## About Red Ed's Sudoku symmetry group

Everything about Sudoku that doesn't fit in one of the other sections
udosuk wrote:And I'd be interested in how many of these 26 symmetries the Most Canonical grid (with 648 automorphisms) possess.

Grrr, again i cant find the MC grid in its originally posted form. Maybe someone can post it (or a link).
But it has diagonal, column and row sticks (see above), MR, MD, GR and JD symmetries. Multiplies to 648 automorphisms.
eleven

Posts: 1907
Joined: 10 February 2008

eleven wrote:To complete the symmetries with 2^n automorphisms, Diagonal + Column Sticks + Row Sticks symmetries give the one with the 8 automorphisms (and 25 fixed cells).
Sample puzzle:
Code: Select all
` +-------+-------+-------+ | . 5 . | 1 . 7 | . . 8 | | 3 . . | 4 . . | 1 . . | | . . 6 | 3 . 9 | . 5 . | +-------+-------+-------+ | 4 1 5 | . . . | 6 . 7 | | . . . | . . . | . . . | | 8 . 9 | . . . | 4 3 5 | +-------+-------+-------+ | . 4 . | 6 . 1 | 9 . . | | . . 3 | . . 5 | . . 1 | | 7 . . | 8 . 3 | . 4 . | +-------+-------+-------+`

\M: (14)(2)(35)(6)(78)(9)
CS: (1)(2)(3)(45)(67)(89)
RS: (13)(2)(4)(5)(68)(79)

I really need to get a grip on these concepts. If only that it's as simple as 8=2x2x2. But I found 2 more "order 2" symmetries:

/M: (15)(2)(34)(69)(7)(8)
HT: (13)(2)(45)(69)(78)

So how does it hold up? If 2^5=32 then where did the other 24 automorphisms disappear?

(Perhaps the 3 essentially independent order-2 symmetries here are: HT+DM+LS. )
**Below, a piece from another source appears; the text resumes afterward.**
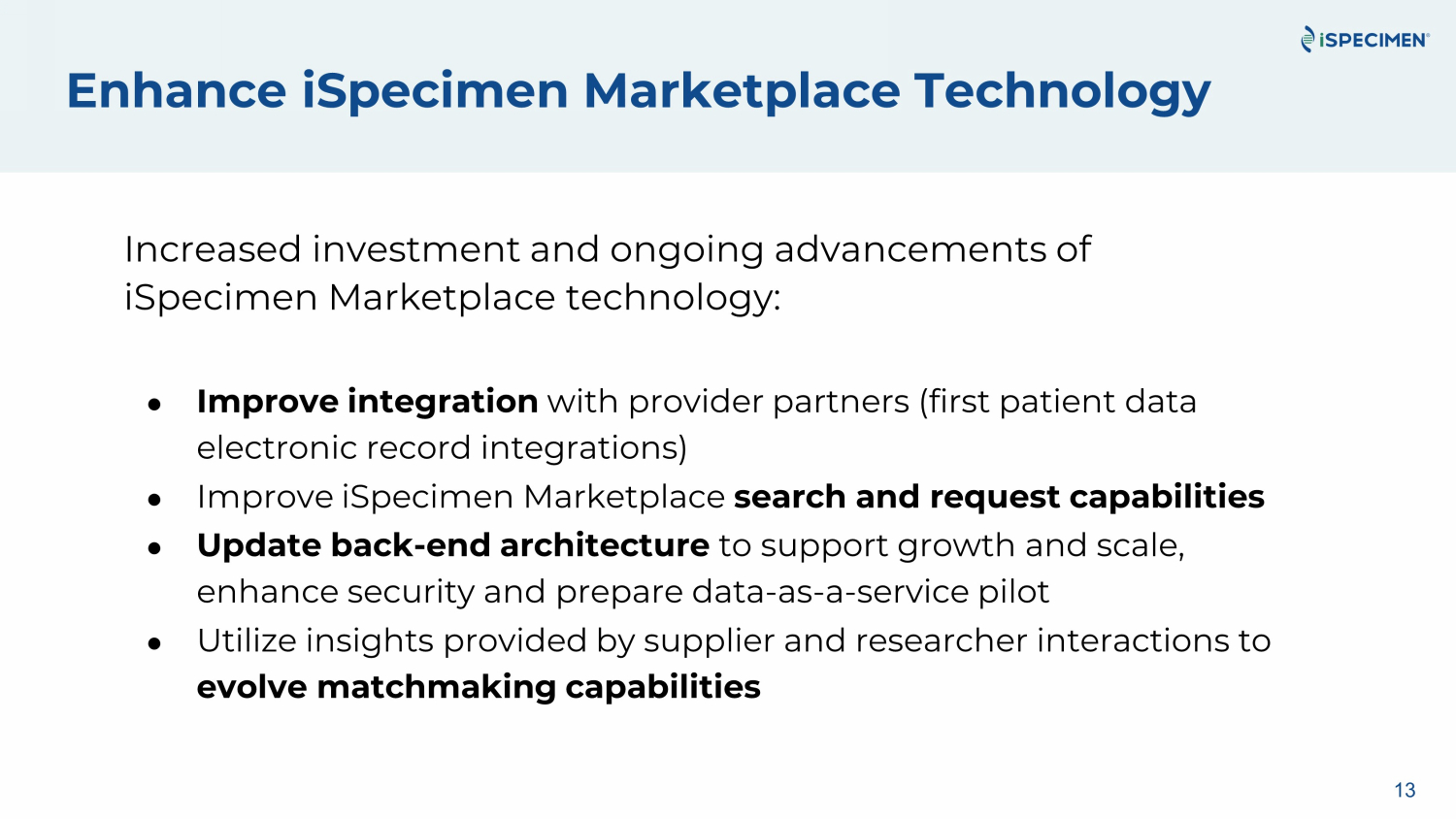 Enhance iSpecimen Marketplace Technology 13 Increased investment and ongoing advancements of iSpecimen Marketplace technology: ● Improve integration with provider partners (first patient data electronic record integrations) ● Improve iSpecimen Marketplace search and request capabilities ● Update back - end architecture to support growth and scale, enhance security and prepare data - as - a - service pilot ● Utilize insights provided by supplier and researcher interactions to evolve matchmaking capabilities

eleven wrote:Grrr, again i cant find the MC grid in its originally posted form. Maybe someone can post it (or a link).
But it has diagonal, column and row sticks (see above), MR, MD, GR and JD symmetries. Multiplies to 648 automorphisms.

This is one of the forms:

Code: Select all
`897231564231564897564897231789123456123456789456789123978312645312645978645978312`

From there I see most of the order-2,3 basic groups existing (in both orientations too):

HT: (19)(28)(37)(46)(5)
QT: (1397)(2684)(5)
RS: (17)(28)(39)(4)(5)(6)
CS: (13)(2)(46)(5)(79)(8)
MR: (123)(456)(789)
MC: (147)(258)(369)
M\: (159)(267)(348)
M/: (168)(249)(357)
JR: (147)(258)(369)
JC: (132)(465)(798)
GR: (174)(285)(396) or (1)(2)(3)(4)(5)(6)(7)(8)(9)
GC: (123)(456)(789) or (1)(2)(3)(4)(5)(6)(7)(8)(9)
J\: (168)(249)(357)
J/: (195)(276)(384)

The only one I didn't see clearly is Diagonal Mirror. Are you sure it's there?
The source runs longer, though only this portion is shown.